Personal information
- Born: Andrew Gordon Michelmore
- Years active: 1972–1979

Sport
- Sport: Rowing
- Club: Melbourne University Boat Club

Medal record
Men's rowing
Representing Australia
World Rowing Championships
| Gold medal – first place | 1974 Lucerne | Lwt men's four |
| Bronze medal – third place | 1975 Nottingham | Lwt men's four |

= Andrew Michelmore =

Australian rower

Andrew Gordon Michelmore, AO is an Australian lightweight rower. He won Australia's first rowing World Championship title – a gold medal at the 1974 World Rowing Championships in Lucerne with the lightweight men's four.

==Club, varsity and state rowing==
Michelmore's senior rowing was from the Melbourne University Boat Club (MUBC). At the Australian Rowing Championships in 1972 he won a national championship title in the lightweight eight. He won another national title racing for MUBC in 1975 in a lightweight men's four.

He was selected in Victorian state representative lightweight fours to race the Penrith Cup at the Australian Rowing Championships in 1974 and 1975. Those crews won the interstate championship on both occasions.

Michelmore won a Rhodes Scholarship in 1976 and stroked the Oxford University Boat Club to consecutive Boat Race victories in 1977 and 1978. He was President of the Oxford Rowing Club in both those years. On his return from England he resumed his Australian rowing career and in 1979 won a national title for MUBC in a lightweight eight, was selected for Victoria and won the Interstate Championship in a lightweight four and was picked to represent at a third World Championship.

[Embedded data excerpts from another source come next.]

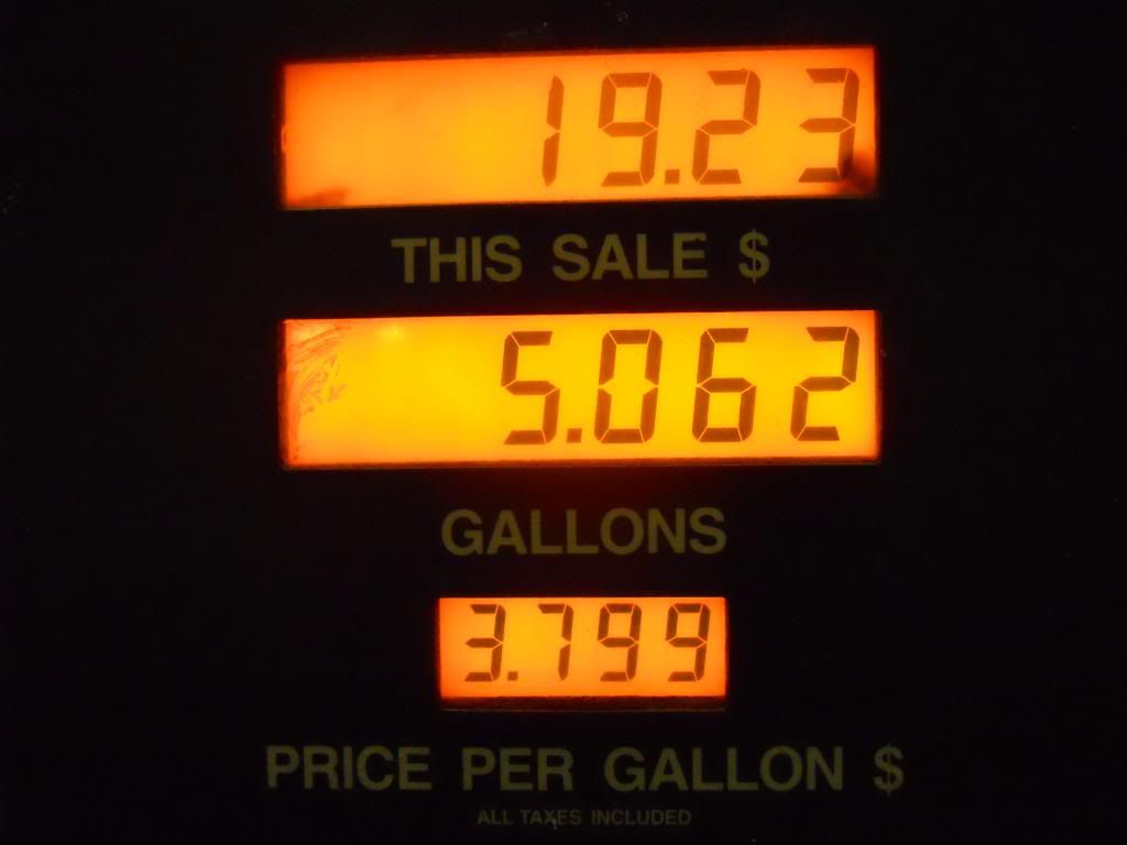 This means I had .24 gallons left in the tank. Love those 80 MPH speed limits in Texas,but it makes the girl thirsty.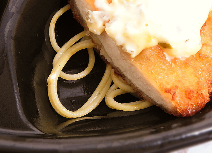 チキン南蛮の下には、お弁当を買うとよくみかけるパスタが。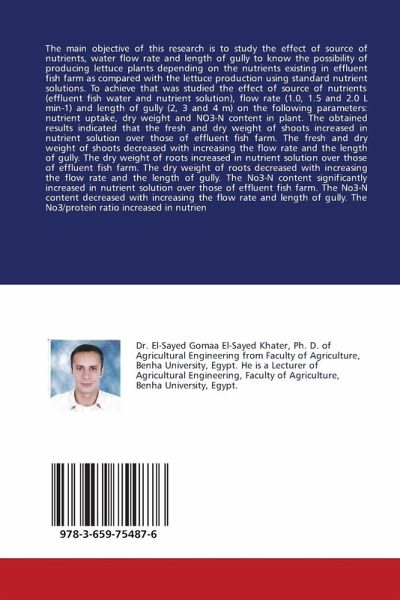The main objective of this research is to study the effect of source of nutrients, water flow rate and length of gully to know the possibility of producing lettuce plants depending on the nutrients existing in effluent fish farm as compared with the lettuce production using standard nutrient solutions. To achieve that was studied the effect of source of nutrients (effluent fish water and nutrient solution), flow rate (1.0, 1.5 and 2.0 L min-1) and length of gully (2, 3 and 4 m) on the following parameters: nutrient uptake, dry weight and NO3-N content in plant. The obtained results indicated that the fresh and dry weight of shoots increased in nutrient solution over those of effluent fish farm. The fresh and dry weight of shoots decreased with increasing the flow rate and the length of gully. The dry weight of roots increased in nutrient solution over those of effluent fish farm. The dry weight of roots decreased with increasing the flow rate and the length of gully. The No3-N content significantly increased in nutrient solution over those of effluent fish farm. The No3-N content decreased with increasing the flow rate and length of gully. The No3/protein ratio increased in nutrien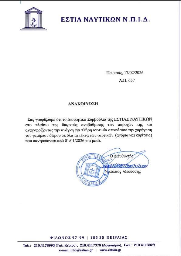 Σύμφωνα με την ανακοίνωση της ΕΣΤΙΑΣ ΝΑΥΤΙΚΩΝ Ν.Π.Ι.Δ. (17/02/2026), το Διοικητικό Συμβούλιο αποφάσισε, την επεκταση του γαμήλιου δώρου σε όλα τα τέκνα των ναυτικών (αγόρια και κορίτσια) που παντρεύονται από 01/01/2026 και μετά.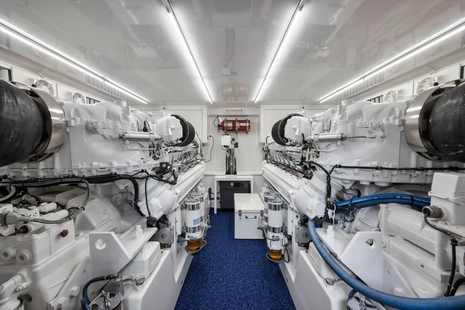 Islamar’s engine room is absolutely pristine, an immaculate showcase of thoughtful engineering and meticulous upkeep. Every surface gleams with brilliant Awlgrip white, creating a bright and clean work space. Lightly used by her original owner and very well laid out for ease of maintenance, this well organized workspace highlights a superior level of craftsmanship and attention to detail.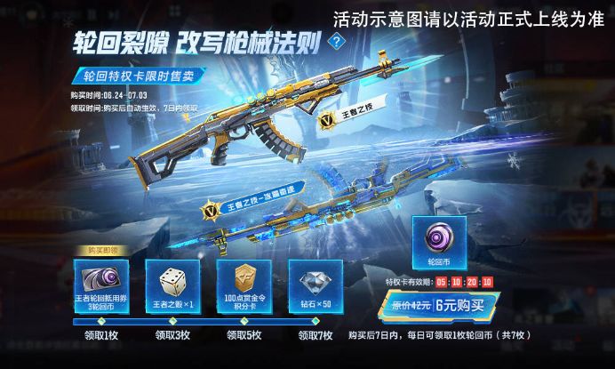 这里额外提醒一下各位玩家,7月王者轮回将不再推出一元购活动,但可参与支线活动购买轮回特权卡。玩家在购买后的7个自然日内(含购买当日),每日登录游戏可领取轮回币×1,最多可领取7枚轮回币,购买后将会自动生效,并在每天0:00刷新领取次数。算上抵扣券,7天最多领取等价10枚轮回币,还是比较划算。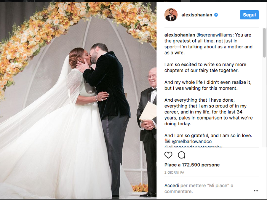 Il primo incontro tra Serena e Alexis era avvenuto per caso a Roma. Entrambi erano nello stesso hotel, il Cavalieri, entrambi avevano sentito parlare della meravigliosa colazione servita al mattino ed entrambi erano però arrivati troppo tardi, quando la sala buffet era già chiusa. Si erano così spostati ai tavoli vicino la piscina per ordinare qualcosa dal menu. Inizialmente Serene era infastidita dall’avere accanto uno sconosciuto, e una sua amica aveva provato a spaventarlo, dicendo che c’era un topo accanto al suo tavolo. Ma Ohanian non si era affatto turbato, aveva scherzato con la tennista e si era perfino meritato un invito a raggiungerla a Parigi, dove Serena avrebbe disputato dei match. Era sbocciato l’amore, era poi nata, il 1 settembre di quest’anno, la piccola Alexis Olympia (che vanta già 105.000 follower su Instagram). E adesso, le nozze a tema fiabesco…

==National representative rowing==
Michelmore was selected for Australian representative honours in a lightweight coxless four for the 1974 World Rowing Championships in Lucerne. That crew won Australia's first gold medal at a FISA World Rowing Championship. The following year at Nottingham 1975 that same crew were selected to defend their title. They came third, taking the bronze medal and were the best performing Australian crew at those championships. They became the first Australian crew to win successive medals at any world championships or FISA championships.

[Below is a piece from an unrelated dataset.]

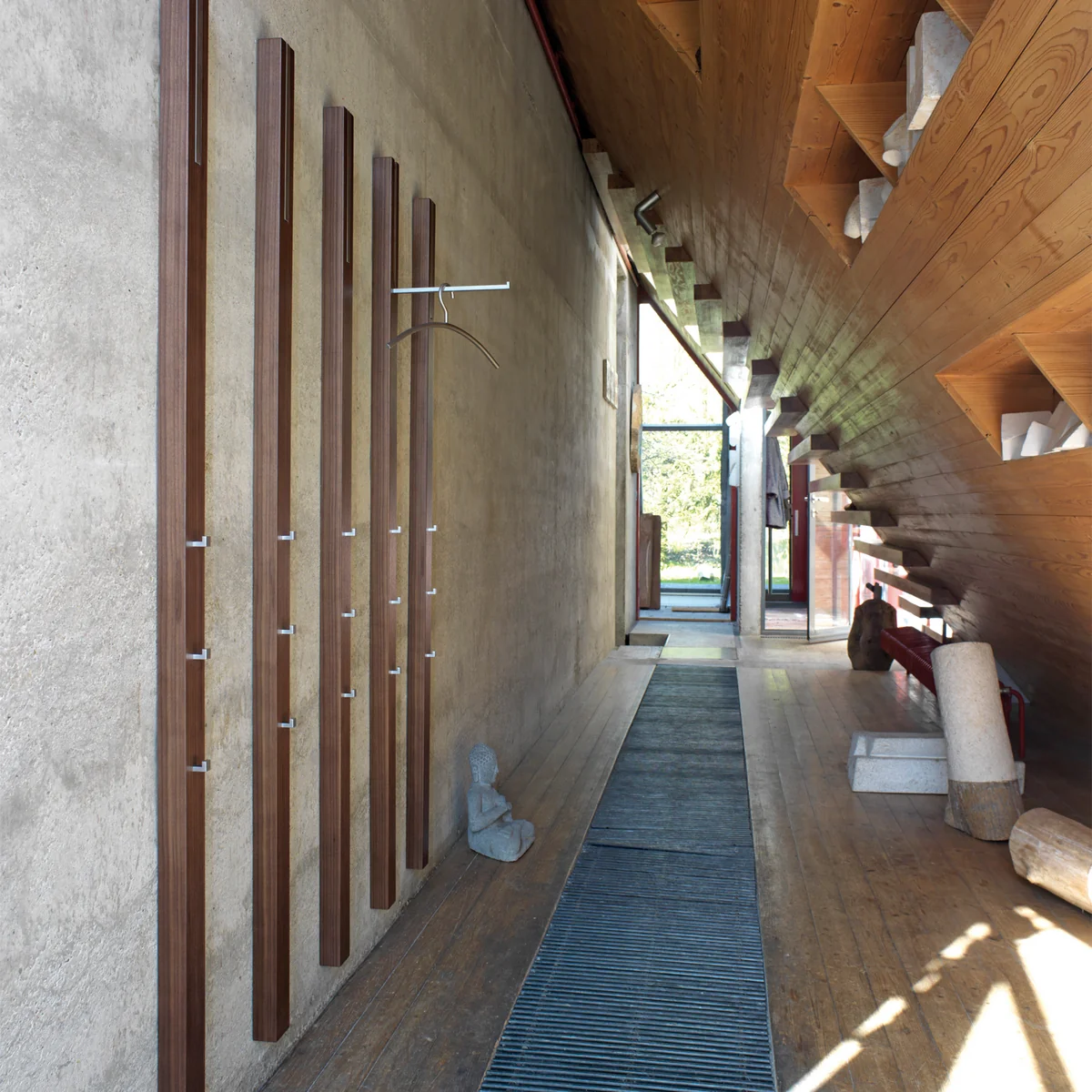 Aan het hoofdeinde heeft Line een opklapbare haak die tot 26,5 centimeter uit de kapstok steekt. Line is hier echter flexibel: de hellingshoek kan aan de achterkant met een stelschroef worden aangepast. Zo kan de kapstok direct jassen vasthouden, maar ook met jashaken worden opgehangen (als de opklapbare haak haak haaks op de kapstok staat) en zo indirect nog meer capaciteit vasthouden. Solo of in een groep naast elkaar - Line bergt uw kleding stijlvol en veilig op.

Following his Rhodes Scholarship and rowing success at Oxford, in 1979 he was selected for his third and final Australian representative crew in the men’s lightweight eight for Bled 1979. They placed sixth.

==Business career==
Michelmore was the Chief Executive Officer of MMG Limited from 2009 until 2017. As at September 2026 he was the chairman of the Minerals Council of Australia.

==Honours==
Michelmore was made an Officer of the Order of Australia (AO) in 2018 for services to the mining industry.